• _Data segment_
/---

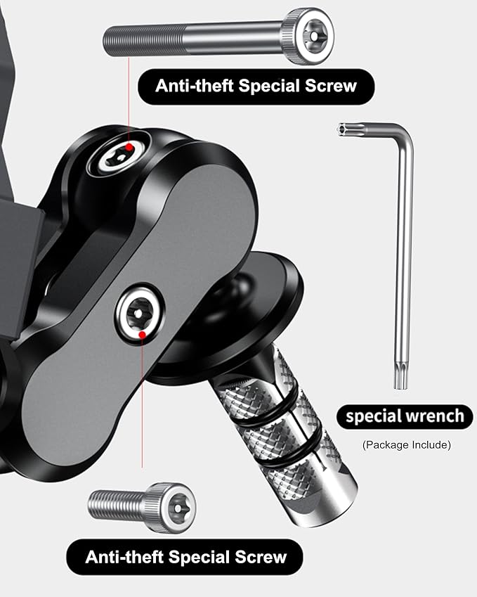 - Protect Mobile Phone Holder Design: The double socket arm & fork stem mounting base are equipped with special safety screw. The package comes with a special wrench to tighten the safety screw. This design keeps your phone holder from being easily removed. Note: The anti-theft design is to ensure that the mobile phone mount is not easily removed, not an anti-theft design for mobile phone
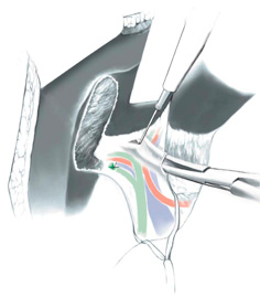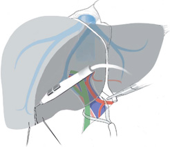 Εξω-ηπατική ανεύρεση και διατομή των προσαγωγών αγγείων των τμημάτων V και VIII (εκφυόμενων από το δεξιό πρόσθιο κλάδο των προσαγωγών ηπατικών αγγείων).
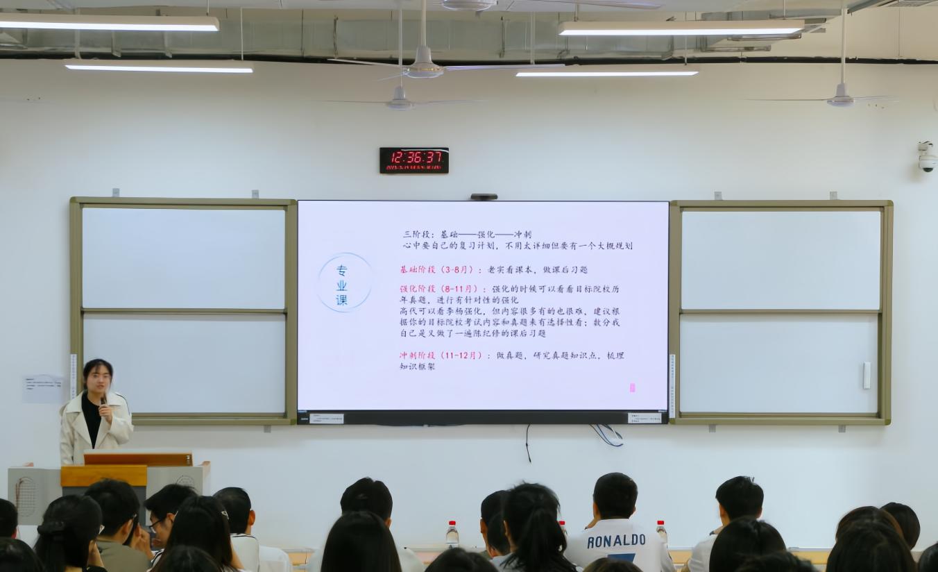在互动答疑环节,同学们聚焦冲刺阶段时间分配、跨省考研、复试准备等具体问题踊跃提问。师兄师姐结合自身备考经历,给出条理清晰、切实可行的解答,既有宏观的复习策略指导,也有微观的细节注意事项提醒。

\---

• _Task instructions_
Whenever you reach a picture, pass over it; print all the other material exactly.

• _Your solution_
 - Protect Mobile Phone Holder Design: The double socket arm & fork stem mounting base are equipped with special safety screw. The package comes with a special wrench to tighten the safety screw. This design keeps your phone holder from being easily removed. Note: The anti-theft design is to ensure that the mobile phone mount is not easily removed, not an anti-theft design for mobile phone
 Εξω-ηπατική ανεύρεση και διατομή των προσαγωγών αγγείων των τμημάτων V και VIII (εκφυόμενων από το δεξιό πρόσθιο κλάδο των προσαγωγών ηπατικών αγγείων).
在互动答疑环节,同学们聚焦冲刺阶段时间分配、跨省考研、复试准备等具体问题踊跃提问。师兄师姐结合自身备考经历,给出条理清晰、切实可行的解答,既有宏观的复习策略指导,也有微观的细节注意事项提醒。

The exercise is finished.